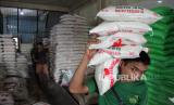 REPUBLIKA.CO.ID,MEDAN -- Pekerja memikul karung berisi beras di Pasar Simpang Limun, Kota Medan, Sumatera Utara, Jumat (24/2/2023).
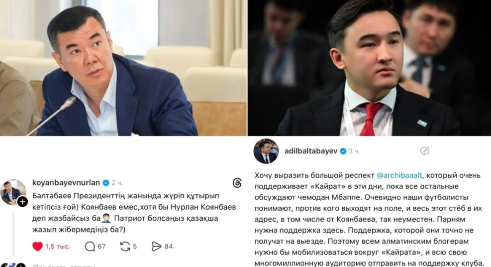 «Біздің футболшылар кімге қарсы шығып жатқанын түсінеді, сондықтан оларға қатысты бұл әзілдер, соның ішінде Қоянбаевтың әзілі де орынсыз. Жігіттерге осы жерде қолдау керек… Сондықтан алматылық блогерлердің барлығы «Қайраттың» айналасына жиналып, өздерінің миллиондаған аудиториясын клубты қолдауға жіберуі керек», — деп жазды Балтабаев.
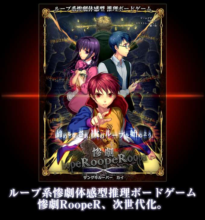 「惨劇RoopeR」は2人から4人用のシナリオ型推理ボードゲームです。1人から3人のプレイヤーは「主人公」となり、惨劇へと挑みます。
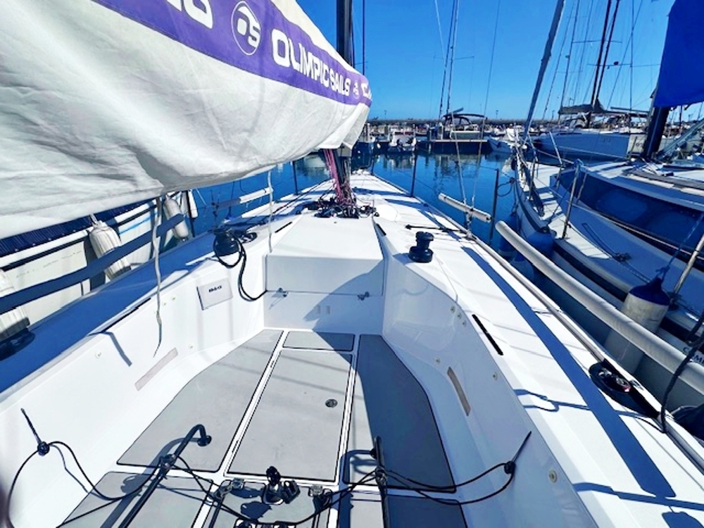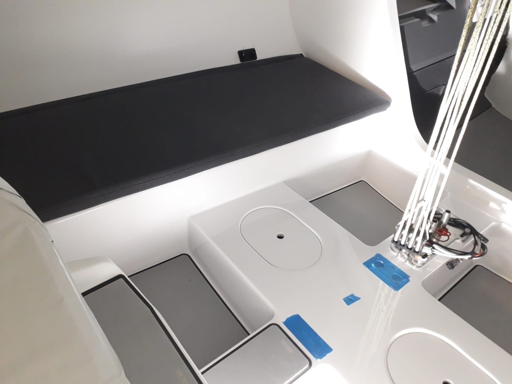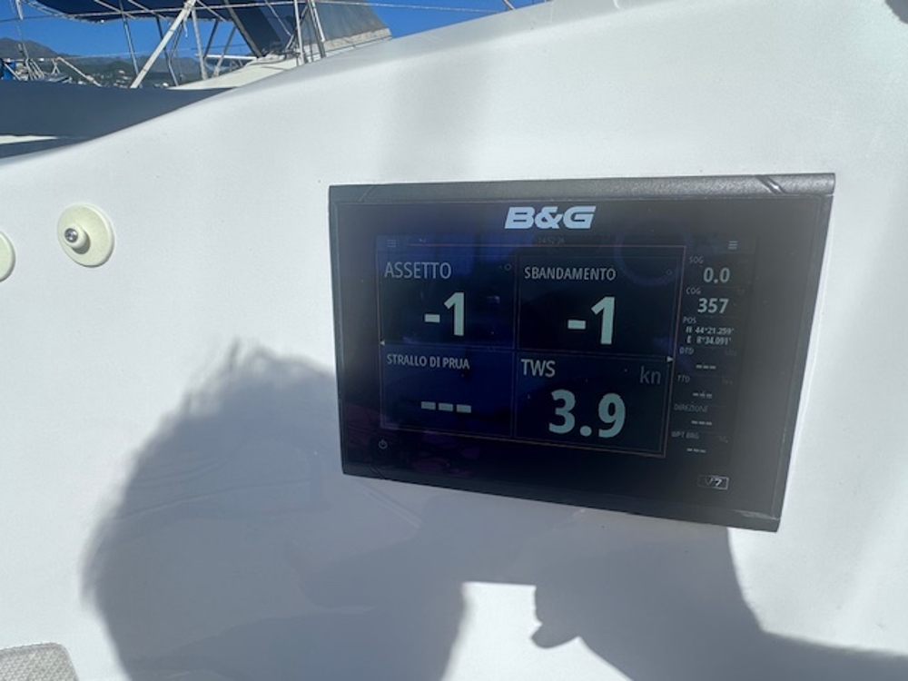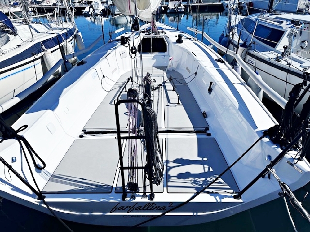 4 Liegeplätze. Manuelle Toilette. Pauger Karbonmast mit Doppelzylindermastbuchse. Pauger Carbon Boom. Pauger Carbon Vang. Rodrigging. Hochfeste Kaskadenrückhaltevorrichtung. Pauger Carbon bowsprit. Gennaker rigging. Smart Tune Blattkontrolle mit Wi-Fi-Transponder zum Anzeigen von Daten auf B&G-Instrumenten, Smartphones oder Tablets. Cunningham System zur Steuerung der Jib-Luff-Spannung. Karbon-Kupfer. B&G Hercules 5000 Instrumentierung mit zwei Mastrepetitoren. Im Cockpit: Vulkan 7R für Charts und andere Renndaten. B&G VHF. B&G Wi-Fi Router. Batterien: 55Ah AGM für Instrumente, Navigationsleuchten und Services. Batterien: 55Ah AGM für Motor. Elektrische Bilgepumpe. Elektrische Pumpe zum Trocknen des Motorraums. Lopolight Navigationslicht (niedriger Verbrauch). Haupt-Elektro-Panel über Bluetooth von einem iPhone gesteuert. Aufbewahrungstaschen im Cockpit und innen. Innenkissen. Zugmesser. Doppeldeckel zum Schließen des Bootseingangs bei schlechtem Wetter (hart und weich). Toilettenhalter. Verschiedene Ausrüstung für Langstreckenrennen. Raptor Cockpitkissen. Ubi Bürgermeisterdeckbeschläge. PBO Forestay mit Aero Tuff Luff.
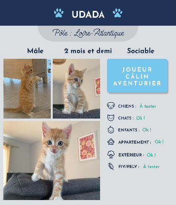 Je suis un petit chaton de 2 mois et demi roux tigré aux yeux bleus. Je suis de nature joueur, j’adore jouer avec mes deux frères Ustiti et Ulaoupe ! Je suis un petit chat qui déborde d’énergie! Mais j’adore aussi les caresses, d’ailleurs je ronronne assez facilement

| Task item |
Copy the whole of the material above exactly, and exclude every picture.

| Solution below |
 REPUBLIKA.CO.ID,MEDAN -- Pekerja memikul karung berisi beras di Pasar Simpang Limun, Kota Medan, Sumatera Utara, Jumat (24/2/2023).
 «Біздің футболшылар кімге қарсы шығып жатқанын түсінеді, сондықтан оларға қатысты бұл әзілдер, соның ішінде Қоянбаевтың әзілі де орынсыз. Жігіттерге осы жерде қолдау керек… Сондықтан алматылық блогерлердің барлығы «Қайраттың» айналасына жиналып, өздерінің миллиондаған аудиториясын клубты қолдауға жіберуі керек», — деп жазды Балтабаев.
 「惨劇RoopeR」は2人から4人用のシナリオ型推理ボードゲームです。1人から3人のプレイヤーは「主人公」となり、惨劇へと挑みます。
 4 Liegeplätze. Manuelle Toilette. Pauger Karbonmast mit Doppelzylindermastbuchse. Pauger Carbon Boom. Pauger Carbon Vang. Rodrigging. Hochfeste Kaskadenrückhaltevorrichtung. Pauger Carbon bowsprit. Gennaker rigging. Smart Tune Blattkontrolle mit Wi-Fi-Transponder zum Anzeigen von Daten auf B&G-Instrumenten, Smartphones oder Tablets. Cunningham System zur Steuerung der Jib-Luff-Spannung. Karbon-Kupfer. B&G Hercules 5000 Instrumentierung mit zwei Mastrepetitoren. Im Cockpit: Vulkan 7R für Charts und andere Renndaten. B&G VHF. B&G Wi-Fi Router. Batterien: 55Ah AGM für Instrumente, Navigationsleuchten und Services. Batterien: 55Ah AGM für Motor. Elektrische Bilgepumpe. Elektrische Pumpe zum Trocknen des Motorraums. Lopolight Navigationslicht (niedriger Verbrauch). Haupt-Elektro-Panel über Bluetooth von einem iPhone gesteuert. Aufbewahrungstaschen im Cockpit und innen. Innenkissen. Zugmesser. Doppeldeckel zum Schließen des Bootseingangs bei schlechtem Wetter (hart und weich). Toilettenhalter. Verschiedene Ausrüstung für Langstreckenrennen. Raptor Cockpitkissen. Ubi Bürgermeisterdeckbeschläge. PBO Forestay mit Aero Tuff Luff.
 Je suis un petit chaton de 2 mois et demi roux tigré aux yeux bleus. Je suis de nature joueur, j’adore jouer avec mes deux frères Ustiti et Ulaoupe ! Je suis un petit chat qui déborde d’énergie! Mais j’adore aussi les caresses, d’ailleurs je ronronne assez facilement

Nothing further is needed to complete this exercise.